A General Partner (GP) is the entity responsible for managing a private equity or venture capital fund, making investment decisions, overseeing portfolio companies, and executing the fund’s value-creation strategy.1 Unlike Limited Partners (LPs) who provide capital and remain passive investors, the GP plays an active operational role and assumes unlimited personal liability for the fund’s debts and obligations.1

Core Responsibilities and Duties

The GP’s primary responsibilities encompass the full lifecycle of fund management. These include raising capital from institutional and individual investors, identifying and evaluating potential investment opportunities, and executing deals on behalf of the fund.1 Once investments are made, GPs actively manage the portfolio, monitor performance, and strategise exits to generate returns for their investors.1

Day-to-day operational duties are extensive and include:

  • Creating the fund’s business plans and securing financing5
  • Scouting for talent and target businesses, attending pitch events and selecting investment targets5
  • Conducting due diligence and investigating targets’ affairs pre-investment5
  • Monitoring portfolio company performance post-investment5
  • Preparing and filing accounts and managing administrative functions5
  • Securing regulatory approvals5

Liability and Risk Structure

A defining characteristic of the GP role is unlimited liability.2 Whilst LPs have exposure limited only to their capital contribution, GPs can be held personally liable for the fund’s debts and obligations.1 To manage this exposure, GPs are typically structured as a Limited Liability Company (LLC) in which the individuals managing the fund are members or managers.2 This structure allows fund managers to limit their unlimited liability exposure to the assets within the GP LLC rather than reaching their personal assets as individuals.2

Fiduciary Duty and Governance

GPs operate under a fiduciary duty to act in the best interests of the fund’s LPs.1 This obligation requires GPs to manage the fund’s investments responsibly, disclose any potential conflicts of interest, and act with transparency.1 The relationship between GPs and LPs is formally governed by a Limited Partnership Agreement (LPA), which outlines the terms of the partnership, the rights and obligations of both parties, the fund’s investment strategy, fee structure, and other key details.1

Compensation Structure

GPs receive compensation through two primary mechanisms.
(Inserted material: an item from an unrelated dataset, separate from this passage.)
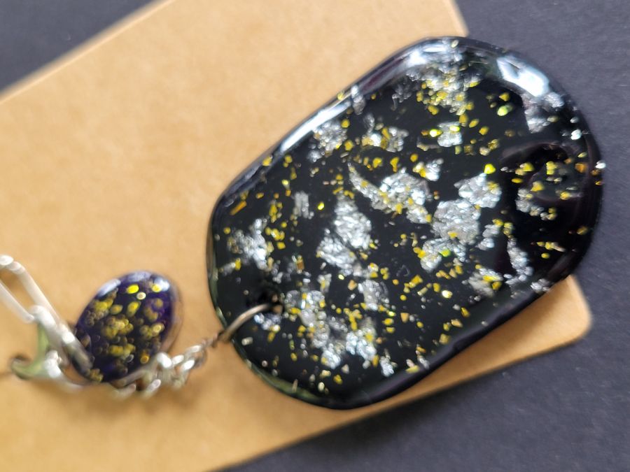 Jego elementy są własnoręcznie zrobione z żywicy epoksydowej z dodaniem brokatów i tłuconego szkła.

First, they collect a management fee, typically calculated as a percentage of assets under management, which covers operational costs and staff salaries.6 Second, and more significantly, GPs earn carried interest (or “carry”), which is a performance-based fee representing a percentage of the fund’s profits above a certain threshold.6 This carried interest aligns the GP’s interests with those of the LPs, as the GP benefits directly from successful investments and value creation.7

GPs typically have “skin in the game” by investing their own capital into the fund alongside LPs, further aligning incentives and demonstrating confidence in their investment thesis.7

Distinction from Limited Partners

The GP-LP relationship is fundamentally asymmetrical. Whilst all partners share ownership of the fund, they do not have equal rights or duties.5 GPs make all business decisions and manage fund operations, whilst LPs are passive investors who contribute capital but have minimal involvement in day-to-day activities.5 LPs may occasionally be consulted for advice or express opinions on deals, but their role is primarily to provide capital and monitor returns.7

Strategic Importance

The GP’s skills, expertise, and decision-making abilities significantly impact the fund’s performance and the return on investment for LPs.1 Because GPs bear the operational burden and assume the associated risks, they are compensated with both management fees and carried interest, creating a performance-driven incentive structure that encourages value creation and disciplined capital allocation.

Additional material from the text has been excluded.